* Materials provided *
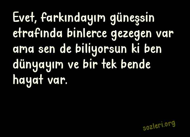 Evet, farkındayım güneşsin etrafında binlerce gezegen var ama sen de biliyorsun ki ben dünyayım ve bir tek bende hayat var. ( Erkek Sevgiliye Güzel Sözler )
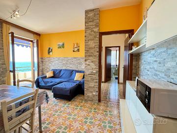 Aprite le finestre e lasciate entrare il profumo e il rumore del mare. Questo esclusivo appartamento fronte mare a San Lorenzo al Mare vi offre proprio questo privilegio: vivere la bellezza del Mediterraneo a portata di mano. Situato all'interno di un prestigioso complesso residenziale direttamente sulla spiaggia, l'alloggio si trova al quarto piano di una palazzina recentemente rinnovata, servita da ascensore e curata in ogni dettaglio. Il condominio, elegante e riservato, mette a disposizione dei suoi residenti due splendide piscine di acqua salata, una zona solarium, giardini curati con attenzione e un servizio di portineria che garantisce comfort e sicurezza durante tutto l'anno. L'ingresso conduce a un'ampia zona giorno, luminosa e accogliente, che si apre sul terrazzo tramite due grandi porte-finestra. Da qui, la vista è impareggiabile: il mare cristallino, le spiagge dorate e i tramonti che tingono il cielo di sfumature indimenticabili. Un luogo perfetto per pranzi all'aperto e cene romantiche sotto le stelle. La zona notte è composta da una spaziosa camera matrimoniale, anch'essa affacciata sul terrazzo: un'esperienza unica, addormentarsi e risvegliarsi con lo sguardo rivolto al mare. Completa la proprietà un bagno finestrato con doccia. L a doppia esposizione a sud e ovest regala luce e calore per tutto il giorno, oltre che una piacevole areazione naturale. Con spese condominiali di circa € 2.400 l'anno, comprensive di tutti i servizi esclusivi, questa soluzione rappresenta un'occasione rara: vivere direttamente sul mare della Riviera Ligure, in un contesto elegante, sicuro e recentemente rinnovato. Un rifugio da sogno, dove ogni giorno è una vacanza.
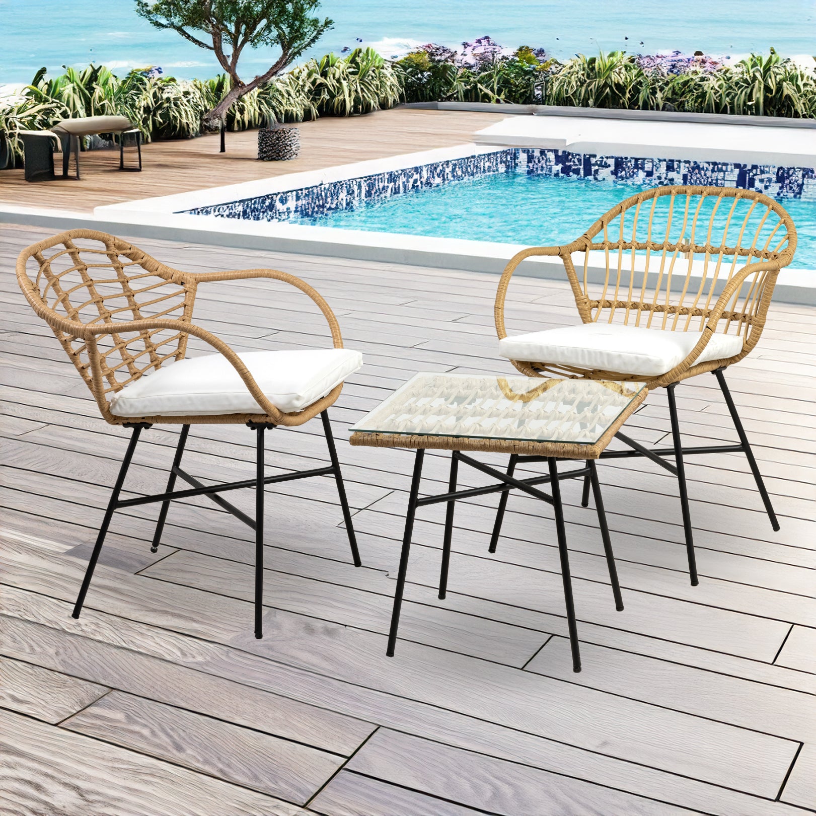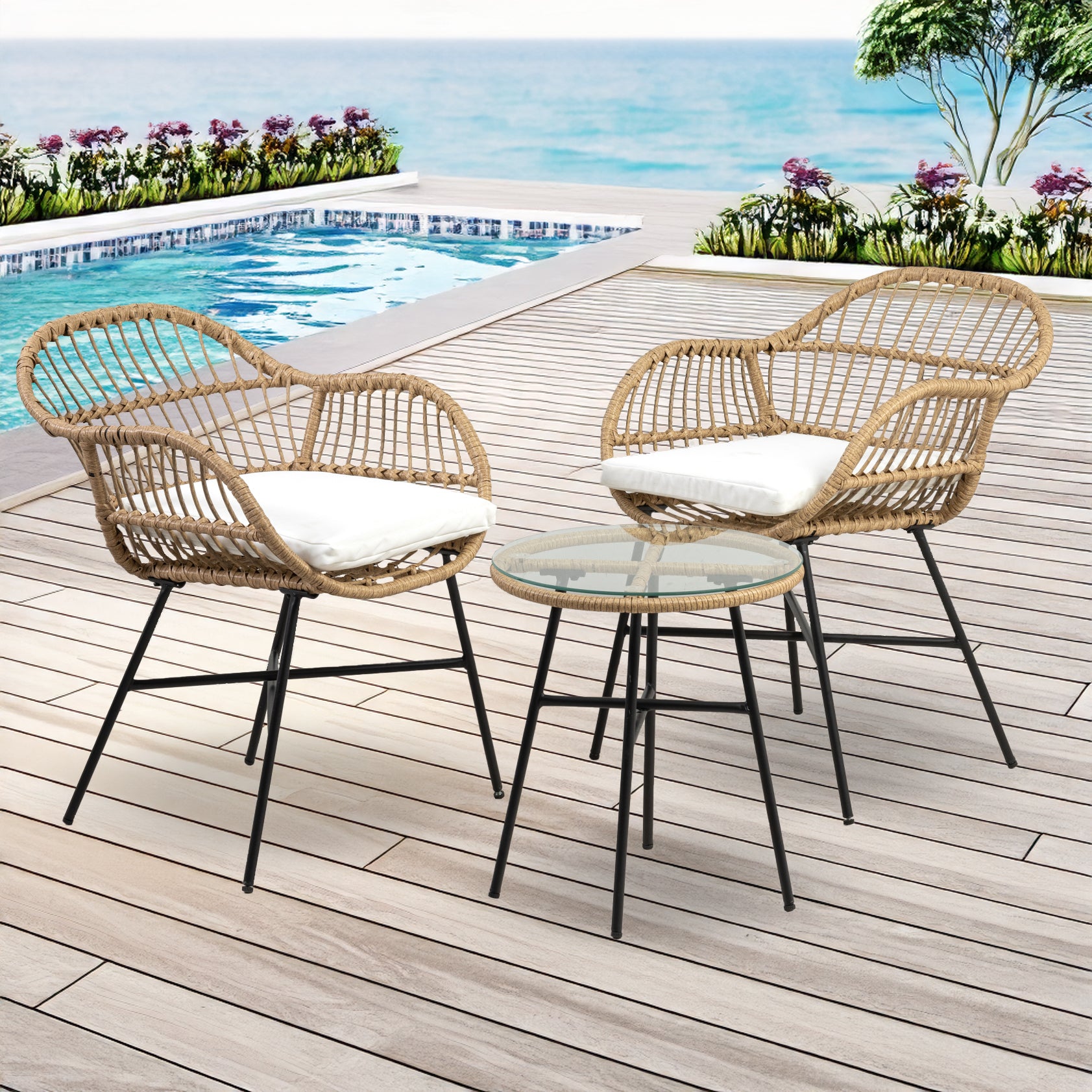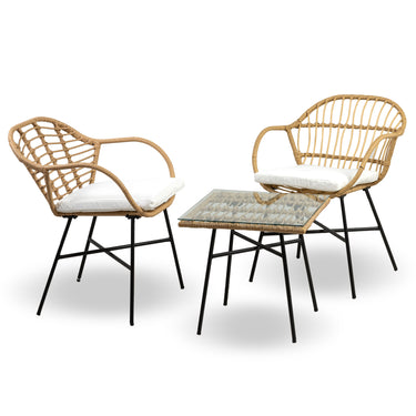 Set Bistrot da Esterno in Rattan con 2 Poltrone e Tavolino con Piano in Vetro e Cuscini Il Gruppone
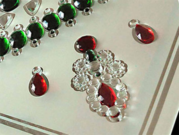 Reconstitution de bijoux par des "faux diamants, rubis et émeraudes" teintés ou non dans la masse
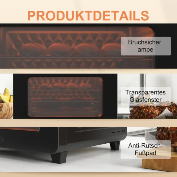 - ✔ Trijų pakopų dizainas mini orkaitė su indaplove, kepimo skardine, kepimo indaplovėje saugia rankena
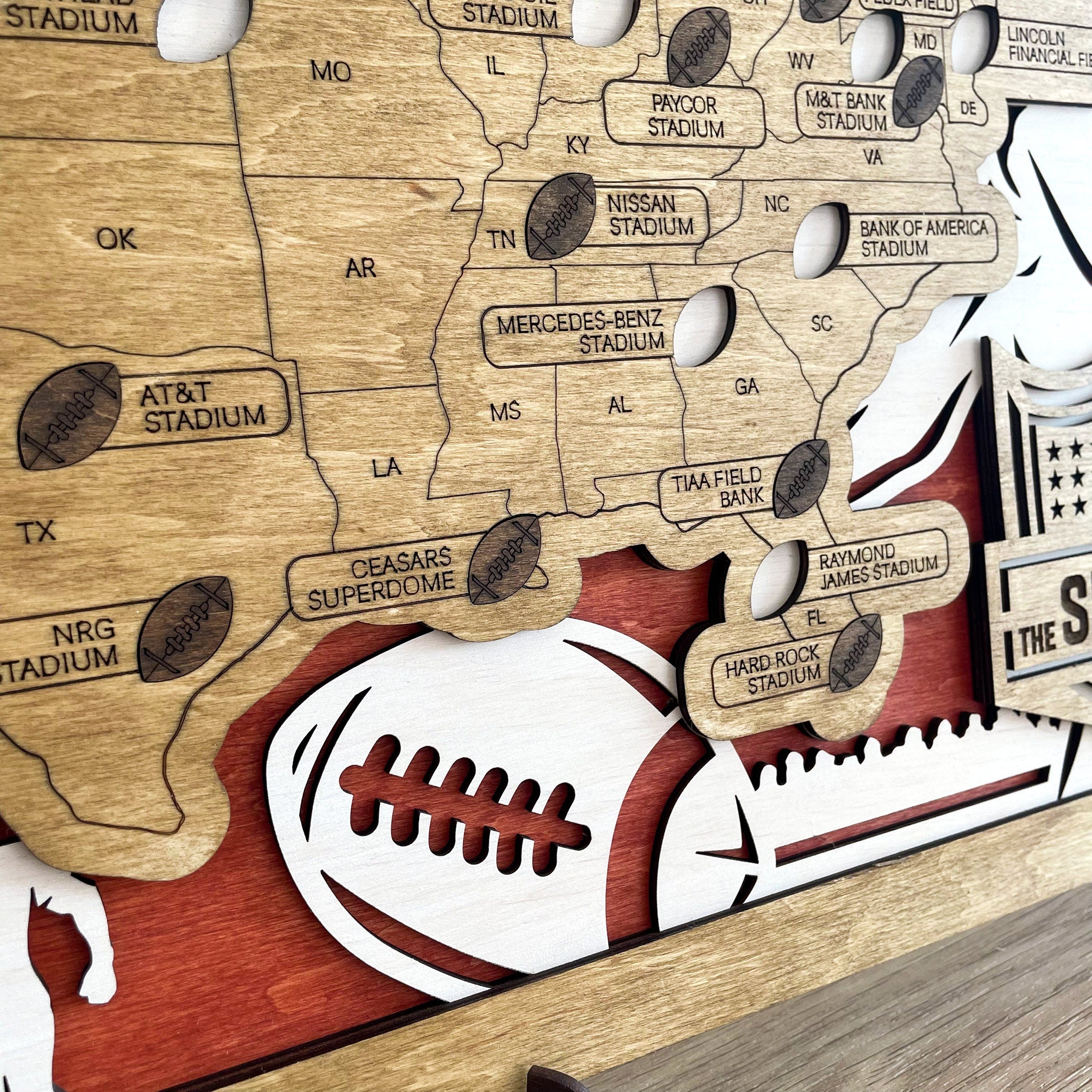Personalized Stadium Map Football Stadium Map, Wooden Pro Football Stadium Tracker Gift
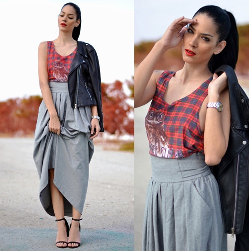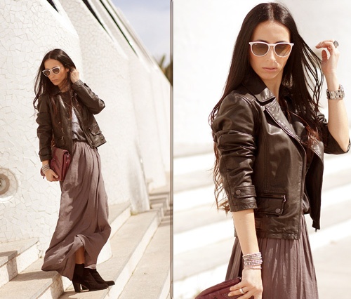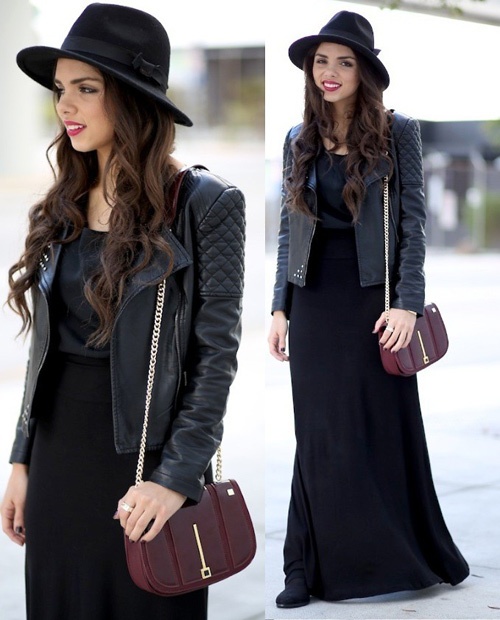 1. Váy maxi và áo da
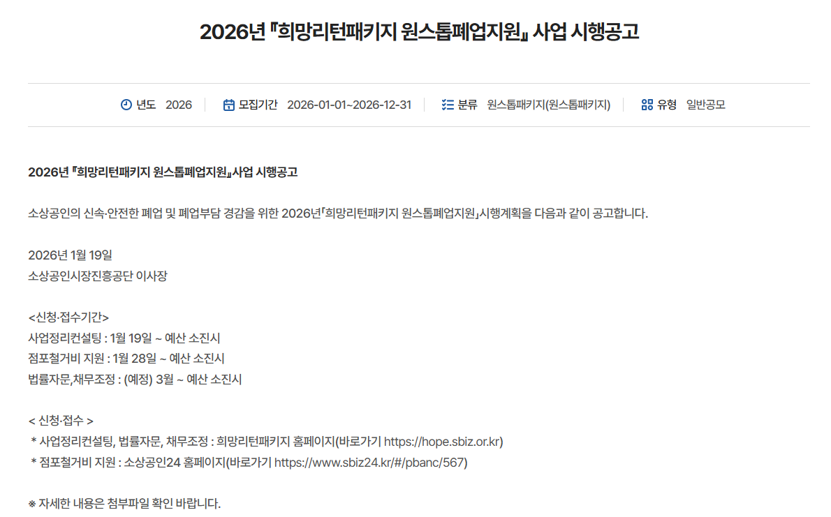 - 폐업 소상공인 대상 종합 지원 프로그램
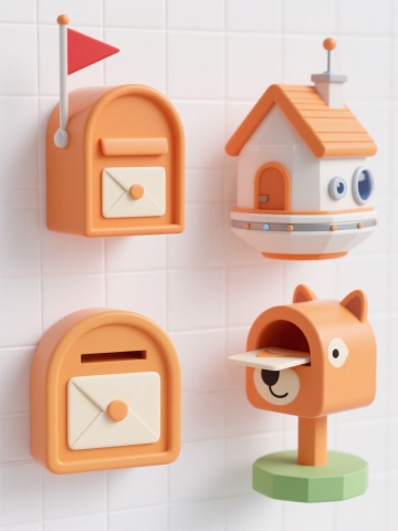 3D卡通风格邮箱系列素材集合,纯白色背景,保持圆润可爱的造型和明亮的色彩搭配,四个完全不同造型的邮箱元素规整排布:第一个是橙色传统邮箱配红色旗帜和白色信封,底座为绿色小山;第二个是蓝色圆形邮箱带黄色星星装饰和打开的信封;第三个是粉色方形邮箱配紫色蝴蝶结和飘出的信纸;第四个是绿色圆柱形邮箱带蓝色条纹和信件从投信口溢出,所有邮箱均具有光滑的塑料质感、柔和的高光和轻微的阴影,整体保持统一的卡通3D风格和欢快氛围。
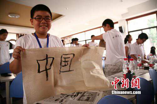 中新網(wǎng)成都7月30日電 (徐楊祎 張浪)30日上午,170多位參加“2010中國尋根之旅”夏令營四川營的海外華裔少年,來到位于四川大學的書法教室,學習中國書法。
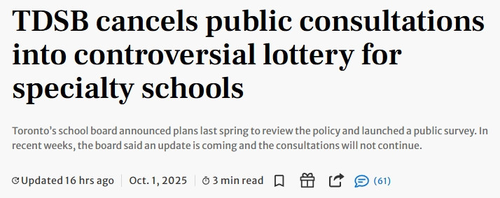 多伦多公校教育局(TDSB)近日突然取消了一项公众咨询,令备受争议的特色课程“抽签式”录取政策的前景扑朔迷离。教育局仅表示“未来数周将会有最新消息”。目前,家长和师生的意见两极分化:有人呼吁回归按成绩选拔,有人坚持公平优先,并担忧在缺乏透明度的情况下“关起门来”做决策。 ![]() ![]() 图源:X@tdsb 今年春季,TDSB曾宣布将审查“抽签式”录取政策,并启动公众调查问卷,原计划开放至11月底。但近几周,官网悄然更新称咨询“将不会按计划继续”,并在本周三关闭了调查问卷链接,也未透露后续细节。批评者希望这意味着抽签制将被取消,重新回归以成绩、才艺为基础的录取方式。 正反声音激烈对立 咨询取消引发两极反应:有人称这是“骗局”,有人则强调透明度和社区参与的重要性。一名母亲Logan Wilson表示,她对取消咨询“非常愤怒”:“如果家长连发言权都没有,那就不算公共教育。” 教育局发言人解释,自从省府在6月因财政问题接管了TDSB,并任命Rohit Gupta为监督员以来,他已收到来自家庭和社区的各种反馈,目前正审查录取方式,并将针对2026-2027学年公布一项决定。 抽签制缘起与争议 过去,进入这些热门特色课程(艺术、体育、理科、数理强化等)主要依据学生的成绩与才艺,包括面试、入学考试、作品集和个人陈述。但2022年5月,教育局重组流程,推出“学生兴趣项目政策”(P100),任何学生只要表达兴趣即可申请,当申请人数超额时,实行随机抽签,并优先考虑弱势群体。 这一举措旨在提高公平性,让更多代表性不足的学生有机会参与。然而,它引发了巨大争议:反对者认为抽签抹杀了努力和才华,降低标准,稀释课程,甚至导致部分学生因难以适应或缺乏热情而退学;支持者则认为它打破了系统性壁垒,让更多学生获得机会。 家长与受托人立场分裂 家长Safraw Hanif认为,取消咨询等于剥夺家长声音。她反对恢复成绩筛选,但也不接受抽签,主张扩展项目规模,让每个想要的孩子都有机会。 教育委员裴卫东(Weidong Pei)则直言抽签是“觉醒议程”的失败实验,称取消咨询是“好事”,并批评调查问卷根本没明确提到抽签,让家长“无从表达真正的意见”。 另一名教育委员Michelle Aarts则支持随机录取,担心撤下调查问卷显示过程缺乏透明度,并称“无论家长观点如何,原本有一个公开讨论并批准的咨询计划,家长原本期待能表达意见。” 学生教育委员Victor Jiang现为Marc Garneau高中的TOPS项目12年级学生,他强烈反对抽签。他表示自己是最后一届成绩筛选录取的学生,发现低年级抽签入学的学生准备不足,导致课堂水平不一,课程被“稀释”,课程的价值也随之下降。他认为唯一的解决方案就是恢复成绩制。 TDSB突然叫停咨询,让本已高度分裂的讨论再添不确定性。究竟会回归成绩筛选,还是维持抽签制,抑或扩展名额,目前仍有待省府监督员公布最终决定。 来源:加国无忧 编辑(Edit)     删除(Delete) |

* Problem requirements *
Within these entries, output exactly the lines starting at the one with "- ✔ Trijų pakopų" and finishing at the one with "- 폐업 소상공인 대상 종합 지원 프로그램". Leave pictures out of the output.

* Task answer *
 - ✔ Trijų pakopų dizainas mini orkaitė su indaplove, kepimo skardine, kepimo indaplovėje saugia rankena
Personalized Stadium Map Football Stadium Map, Wooden Pro Football Stadium Tracker Gift
 1. Váy maxi và áo da
 - 폐업 소상공인 대상 종합 지원 프로그램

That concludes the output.